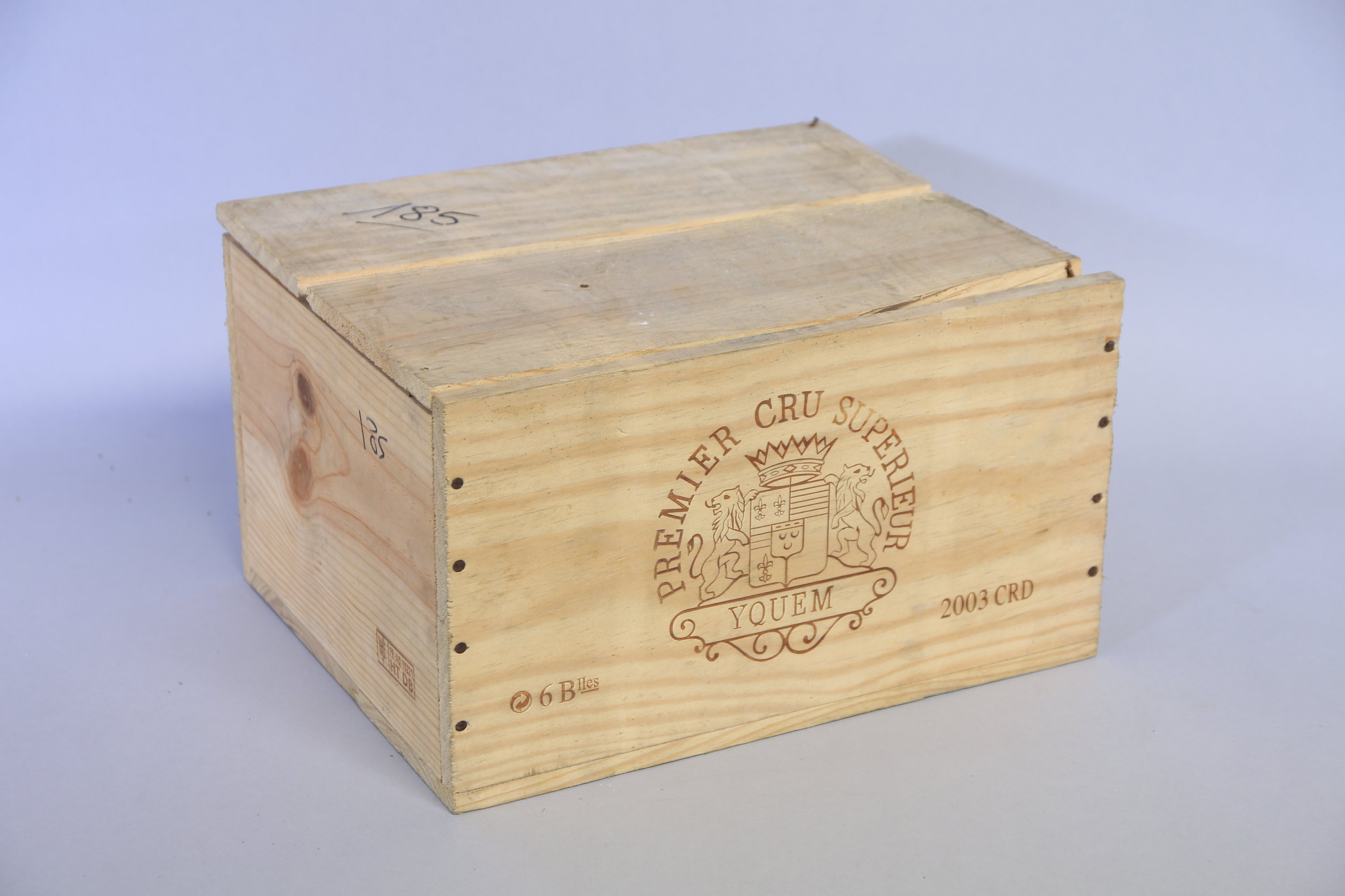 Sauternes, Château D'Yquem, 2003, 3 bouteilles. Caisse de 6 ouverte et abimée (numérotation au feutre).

::::::

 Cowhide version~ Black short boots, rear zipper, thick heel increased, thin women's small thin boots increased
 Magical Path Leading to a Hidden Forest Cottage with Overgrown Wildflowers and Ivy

::::::

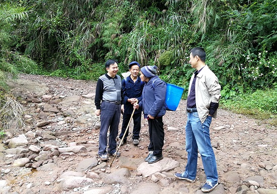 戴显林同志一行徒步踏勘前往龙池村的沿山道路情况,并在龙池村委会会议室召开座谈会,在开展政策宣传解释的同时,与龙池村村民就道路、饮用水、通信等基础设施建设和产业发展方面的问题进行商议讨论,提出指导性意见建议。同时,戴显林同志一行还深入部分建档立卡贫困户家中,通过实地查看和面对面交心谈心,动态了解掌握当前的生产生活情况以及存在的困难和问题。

::::::

** What to work on **
There is a run of lines above from the one with "Cowhide version~ Black" to the one with "Magical Path Leading"; print exactly that run, both ends included, and nothing else.

** Solution to this task **
 Cowhide version~ Black short boots, rear zipper, thick heel increased, thin women's small thin boots increased
 Magical Path Leading to a Hidden Forest Cottage with Overgrown Wildflowers and Ivy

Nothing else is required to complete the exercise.